Wednesday, November 13, 2019

Learning from Non-Fiction Picture Books

Visit Alyson Beecher on Wednesdays for Non-Fiction Picture Books at Kidlit Frenzy.  Thanks to her hosting and sharing and those who add their posts, you can discover and celebrate terrific nonfiction picture books!  I always learn from these books, am happy that they are more and more available today for children, for everyone!

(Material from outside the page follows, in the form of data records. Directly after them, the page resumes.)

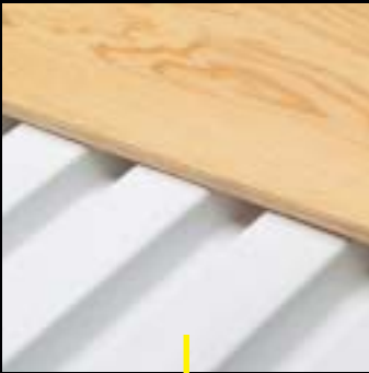
Roof Deck with Plywood Floor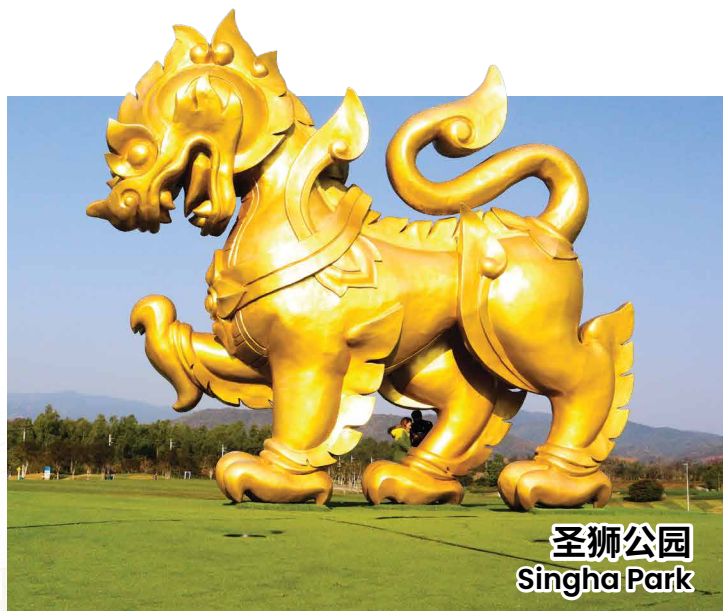
圣狮公园 Singha Park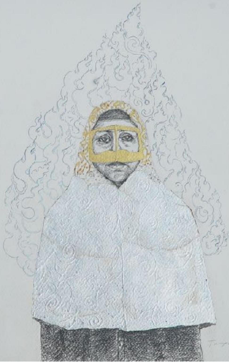
Tayeba Begum Lipi The Shell Pencil, silver leaf and earth colour on paper 15 x 14 inches 2018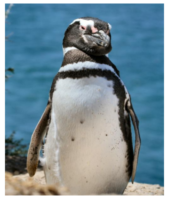
Magellanic Penguin by Rick Harness.

world. In some locations, electrocutions can affect populations. In September 2013, raptor electrocution data was collected from South American biologists on species that included the Chilean Eagle and the endangered Crowned Eagle. A workshop was then held in Patagonia, South America to address common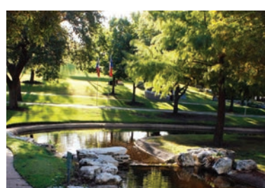
Pond – The Pond runs through the center of the grounds and is lined with stones from Salado, Texas.

              Again with the computer science nonprofit Girls Who Code, Josh Funk and Sara Palacios take readers on another adventure, this time to an amusement park. One pleasing part here is that Pearl and her robot friend, Pascal whom we met in How To Code A Sandcastle, are back, and discover right away that their top goal, to ride that fabulous Python Coaster, may need to wait a bit. The line is so, so long. Pearl begins with a map and announces she'll use "code" for their day. When a coding term is introduced, Funk gives clear, easy-to-understand, definitions. For example, they have ten tokens for rides and Pearl is going to keep track through using a "variable", which holds information, this time those tokens! They begin with a Ferris wheel (robots ride free) which is one token. And since they love the ride, Pearl explains a "loop", which repeats the action of "one token-one ride". There follows a few other needed actions/terms, all while having a great time on the rides, and all those other amusement park delights: trying to win a prize and ice cream! Oops, having fun this time means spending tokens and suddenly they're out but have still not been on that coaster. 
           Along with learning this new way to keep track of the new coding rules, the new challenge might also mean another code that's missing? When teachers want a way to introduce coding, using the colorfully designed illustrations in an amusement part, labeled with the instructions will aid the process. 

A favorite page gives an idea of the creative way Sara Palacios illustrates Josh's way of explanations, this time more about a "variable", but shown in the ice cream shop menu, with a diverse group of people happy to have some delicious ice cream! 

           There is an introduction by the founder, Reshma Saujani, of Girls Who CodeAdditional explanations of the code words can be found in the backmatter. Thanks to Josh Funk and Sara Palacios for another book that shows how coding works, can be helpful, and is easy to learn!


  1. Coding is really popular at our school! I love that there are books that go along with it. The vocabulary is still new to me!

    1. For those who are teaching younger students, these can serve as the beginning. Thanks, Michele.